◆ Your task:
From the entries, copy every line that carries the string "Conselho".

Top of Material provided

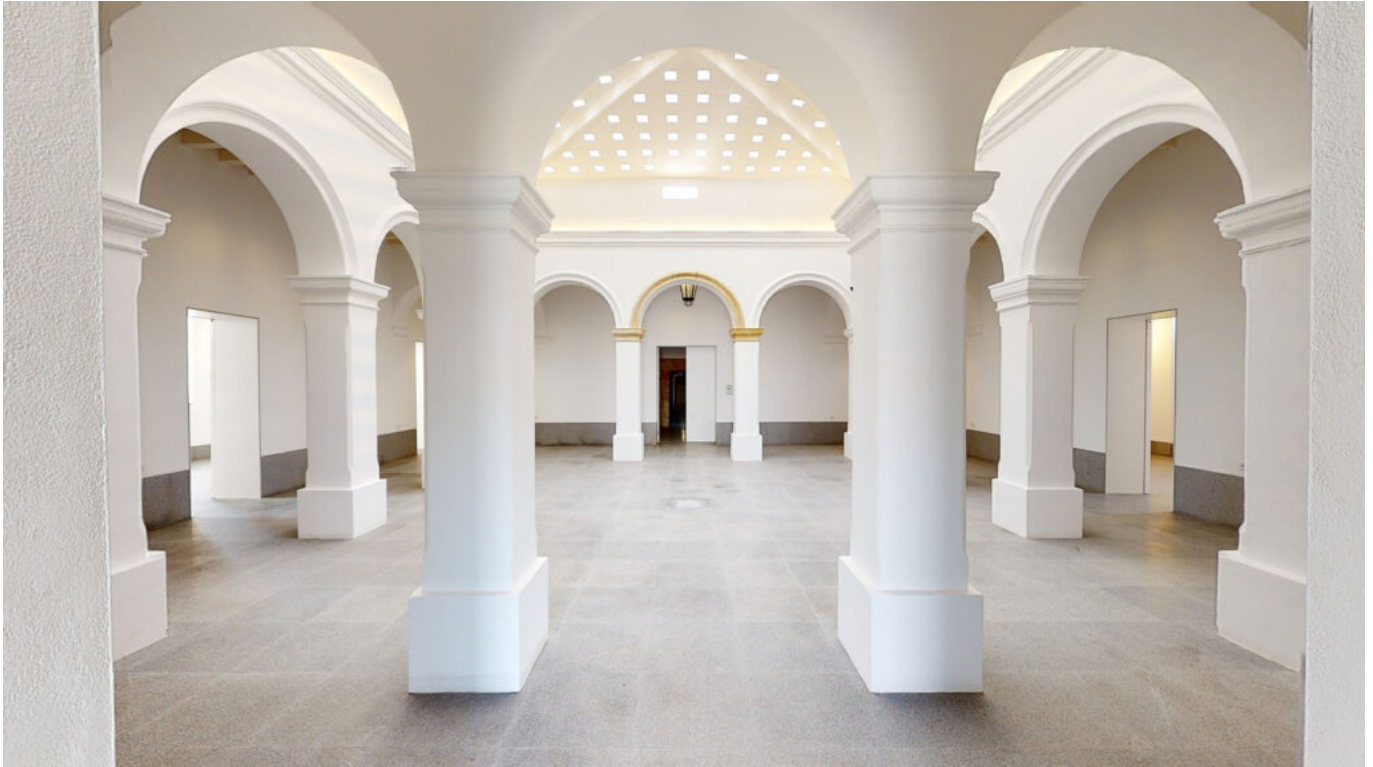
Vista del patio porticado del edificio anexo al faro de Tarifa, 1866.
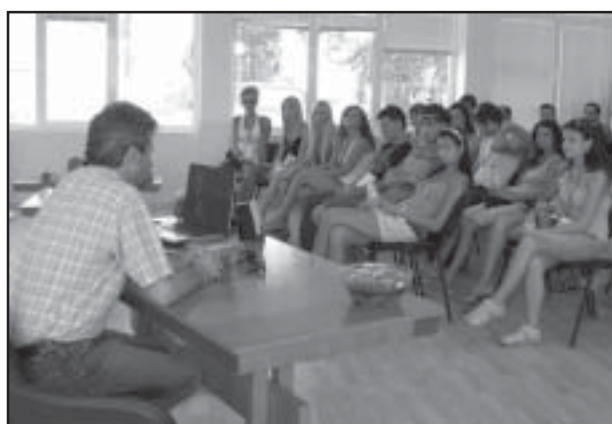
Моделите бяха посрещнати от кмета на общината в голямата зала на читалище „Будител”, с.Струмьяни

модели – момчета и момичета, с доказани качества в професията и ще определи победителите, които ще пред-
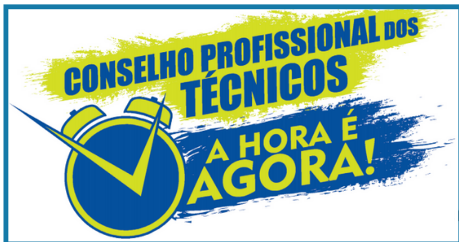
Foto: Campanha do SINTEC-RS pela criação do Conselho Profissional dos Técnicos

do Conselho Profissional exclusivo da categoria. O sindicato destaca que essa conquista significa a independência dos profissionais técnicos industriais em nosso país, que poderão exercer suas atividades com plenitude junto a sociedade.
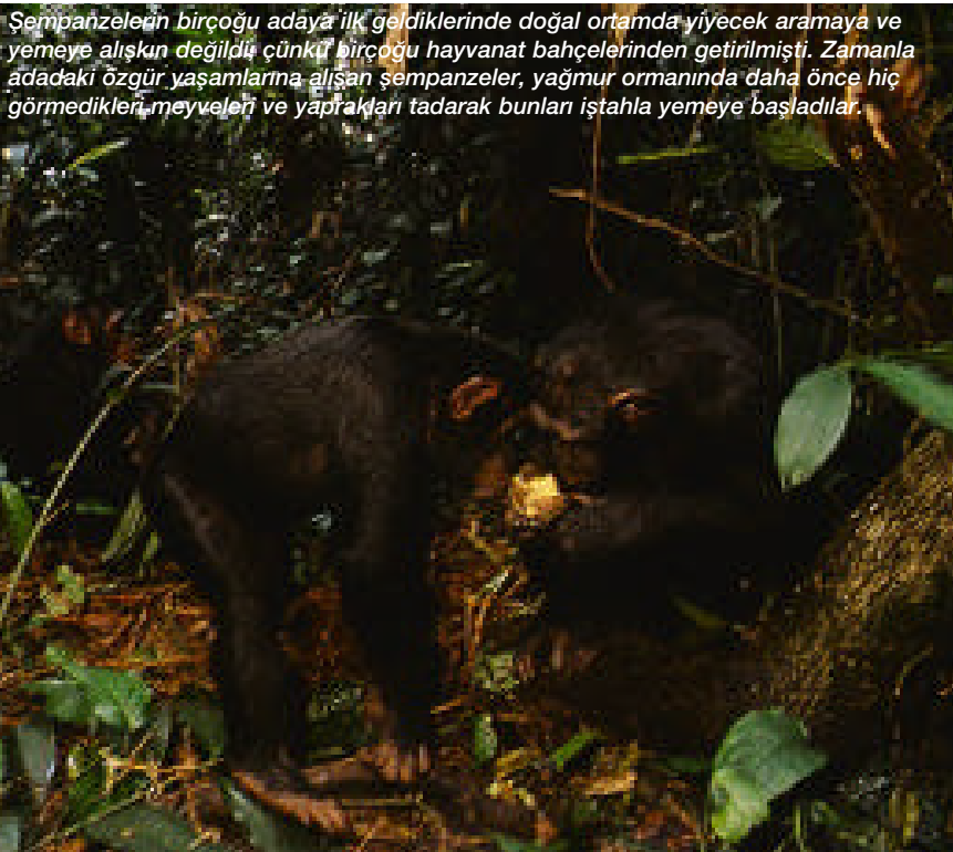
Şempanzelerin birçoğu adaya ilk geldiklerinde doğal ortamda yiyecek aramaya ve yemeye alışkın değildi çünkü birçoğu hayvanat bahçelerinden getirilmişti. Zamanla adadaki özgür yaşamlarına alışan şempanzeler, yağmur ormanında daha önce hiç görmedikleri meyveleri ve yaprakları tadarak bunları iştahla yemeye başladılar.

Bahati'yle birlikte, yaşları 2-12 arasında değişen altı erkek ve 13 dişi şempanze 1998 yılı sonunda Entebbe'den
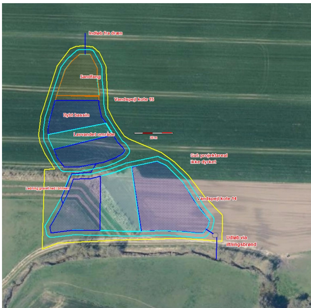
Figur 2. Detailprojektering af minivådområde og med udløb til Fiskbæk markeret.
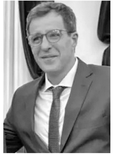
Juez Ignacio Uthurry.

El Tribunal Oral en lo Criminal N° 1 la sentenció a un año y tres meses de prisión por las dosis de drogas que le secuestraron durante un operativo en la ruta 8. La sentencia tuvo en cuenta los chats enviados cuando era menor de edad con atenuantes.
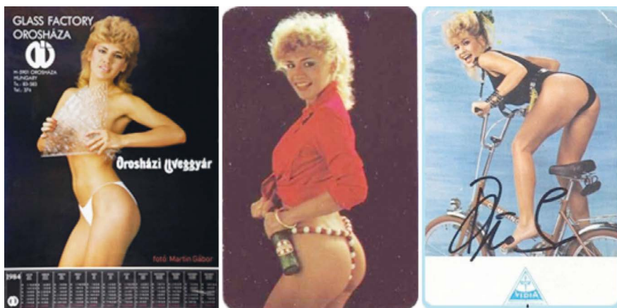
17–19. képek: Bíró Ica-kártyanaptárak.

A szocializmus kori test-tabu a rendszerváltás felé közeledve egyre inkább eltűnni látszott, és a meztelen női test előtérbe kerülése (talán az addigi tabusítás miatt) egyre meghatározóbb lett.
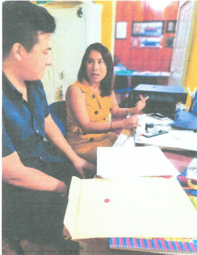
Ilustración 16 Coordinación de licenciaturas

A handwritten signature in black ink, consisting of several loops and a long horizontal stroke.

Bottom of Material provided

◆ Reply:
Foto: Campanha do SINTEC-RS pela criação do Conselho Profissional dos Técnicos
do Conselho Profissional exclusivo da categoria. O sindicato destaca que essa conquista significa a independência dos profissionais técnicos industriais em nosso país, que poderão exercer suas atividades com plenitude junto a sociedade.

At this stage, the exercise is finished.